··· Provided records ···

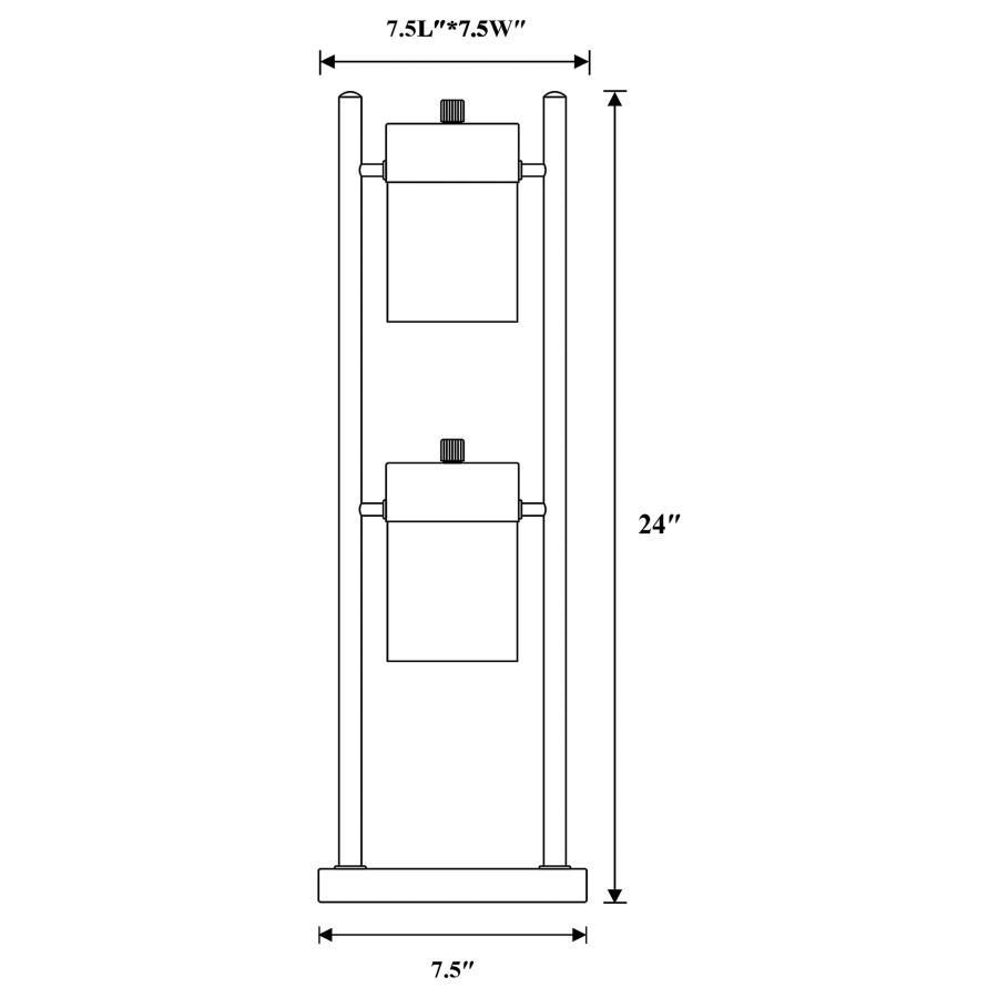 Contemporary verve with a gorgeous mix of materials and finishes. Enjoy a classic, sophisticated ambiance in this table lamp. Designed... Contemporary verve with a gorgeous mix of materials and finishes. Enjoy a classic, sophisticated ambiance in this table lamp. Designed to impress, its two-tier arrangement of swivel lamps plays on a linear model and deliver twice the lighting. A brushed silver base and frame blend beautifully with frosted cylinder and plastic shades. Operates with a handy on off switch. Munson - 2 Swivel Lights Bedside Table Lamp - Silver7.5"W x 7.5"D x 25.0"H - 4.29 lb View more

···
··· Provided records ···

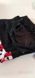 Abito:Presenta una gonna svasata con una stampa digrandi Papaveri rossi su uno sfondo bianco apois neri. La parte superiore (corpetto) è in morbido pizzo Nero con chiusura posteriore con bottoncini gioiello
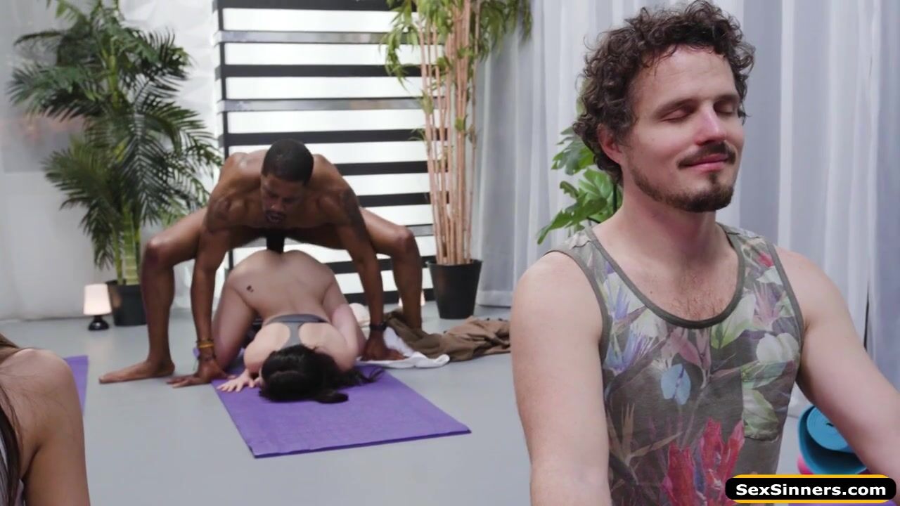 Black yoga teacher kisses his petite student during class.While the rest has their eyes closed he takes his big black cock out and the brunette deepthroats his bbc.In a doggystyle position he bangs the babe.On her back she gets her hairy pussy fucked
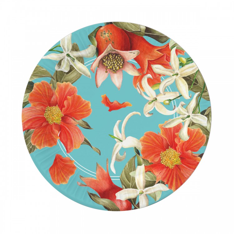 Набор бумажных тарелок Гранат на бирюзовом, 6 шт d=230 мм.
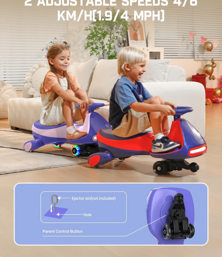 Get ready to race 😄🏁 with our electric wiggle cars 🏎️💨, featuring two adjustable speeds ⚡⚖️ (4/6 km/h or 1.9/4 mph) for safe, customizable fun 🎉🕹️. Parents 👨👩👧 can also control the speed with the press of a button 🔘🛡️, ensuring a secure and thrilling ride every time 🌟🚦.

···

== Aim of the task ==
Copy exactly, without pictures, the lines above from the one with "Abito:Presenta una gonna" down to the one with "Get ready to", inclusive.

== Finished task ==
 Abito:Presenta una gonna svasata con una stampa digrandi Papaveri rossi su uno sfondo bianco apois neri. La parte superiore (corpetto) è in morbido pizzo Nero con chiusura posteriore con bottoncini gioiello
 Black yoga teacher kisses his petite student during class.While the rest has their eyes closed he takes his big black cock out and the brunette deepthroats his bbc.In a doggystyle position he bangs the babe.On her back she gets her hairy pussy fucked
 Набор бумажных тарелок Гранат на бирюзовом, 6 шт d=230 мм.
 Get ready to race 😄🏁 with our electric wiggle cars 🏎️💨, featuring two adjustable speeds ⚡⚖️ (4/6 km/h or 1.9/4 mph) for safe, customizable fun 🎉🕹️. Parents 👨👩👧 can also control the speed with the press of a button 🔘🛡️, ensuring a secure and thrilling ride every time 🌟🚦.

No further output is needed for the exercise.